ESPE Abstracts (2018) 89 P-P3-363

ESPE2018 Poster Presentations Thyroid P3 (37 abstracts)

Acquired Severe Hypothyroidism in Children – Forgotten or Unbelievable Diagnosis in a Time of Large and Easy Availability of Thyroid Tests?

Anna Kucharska a, , Dominika Labochka a, , Ada Borowiec b , Ewelina Witkowska- Sedek a, & Beata Pyrzak a,


aMedical University of Warsaw, Warsaw, Poland; bPublic Pediatric Teaching Clinical Hospital, Warsaw, Poland


In a time of widespread availability of thyroid lab tests plenty of patients are reported to endocrine clinics because of isolated slightly increased TSH value and many papers are dedicated disscussion of precautions to treatment in subclinical hypothyroidism. Simultaneously in the same places other patients develop severe hypothyroidism without proper diagnosis. What is the reason of missing diagnoses?

The Aim: Clinical characteristics of severe hypothyroidism in children. Identification of the reason of delayed diagnosis of severe hypothyroidism.

Methods: Patients with severe acquired primary hypothyroidism were enrolled to the study.

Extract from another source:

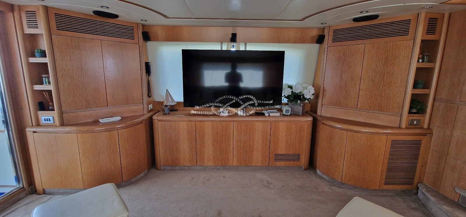 2017/18 : Entretien du moteur et du générateur - Nettoyage des échangeurs de chaleur - Alternateurs - Remplacement de toutes les prises d’eau de mer - Révision du chargeur de batterie - Révision des autoclaves - Révision de la climatisation - Révision des extincteurs et de la pompe à incendie - Installation de pompes de cale automatiques - Révision des générateurs - Révision du dessalinisateur - Lumières de courtoisie à LED - Installation de projecteurs sous-marins - Installation d’une écriture arrière rétroéclairée par LED - Polissage des pavois et de la superstructure - Remplacement du frigo de la cuisine - Remplacement du plan de travail en marbre de la cuisine - Interphone dans toutes les cabines - Nouveaux téléviseurs LCD dans le salon et toutes les cabines - Remplacement de toutes les vannes des toilettes - Remplacement du pare-brise en plexiglas - Sellerie du canapé du salon en cuir - Installation d’un purificateur d’eau et de gaz - Système stéréo alpin - Remplacement de l’électronique du tableau de bord et du flybridge - Peinture du tableau de bord - Révision du radeau - Remplacement des matelas - Remplacement des rideaux de cabine - Remplacement des rideaux de cabine Machine à laver - installation de portes en acier inoxydable et en plexiglas sur les escaliers arrière.

The basic criterion was elevated TSH above 100 mIU/L. We analysed the clinical symptoms, time of diagnosis, referral reason, kind of thyroid disease and results of laboratory tests.

Results: In years 2007–2018 twenty one patients of our clinic met above criteria. Severe hypothyroidism was diagnosed in 20 patients with autoimmune atrophic thyroiditis and one patient with thyroid ectopy. The mean age at diagnosis was 10.32±3.53 years. Female predominance was 5:2. None of patients had goiter. Reported symptoms in order of the most frequent: slow rate of growth (77%), weight gain (60%), anaemia (40%), dry skin (37%), myxoedema (33%), loss of appetite (33%), constipation (27%), weakness (27%), somnolence (25%), lower physical activity (20%), hair loss (20%), noticeable bradycardia (20%), feeling cold (13%), hypertrichosis (13%), pituitary hypertrophy (5%). The mean time from the occurrence of the symptoms to the diagnosis ranged from 3 months to 6 years (the mean value 22.9±20.32 months, median – 19 months). TSH level at the time of diagnosis was 499.02±234.55 uIU/ml, (range: 171.22 – 921.66 uIU/ml) normal range of method: 0.58–3.59 μIU/ml. The mean level of fT4 – 0.348±0.11ng/dl (normal range 0.78–1.31ng/dl), the mean fT3 level – 1.33±0.79 pg/ml, (normal range 2.17–3.77 pg/ml). Anti-TPO antibodies: the mean value 2165±2565.35 IU/ml (normal range <5.6 IU/ml) and anti-Tg antibodies: the mean value 854.5±1189.65 IU/ml (normal range <4.1 IU/ml) were detected. In one patient anti-TSH receptor antibodies were detected (ECLIA, Roche). The patients before the endocrine consultation were evaluated by specialists of dermatology, cardiology, alergology and haematology.

Conclusion: Despite the patients presenting typical symptoms of hypothyroidism the diagnosis was delayed in majority of them. The lack of goiter can be the potential reason why thyroid disease is not considered at the beginning of diagnostic process.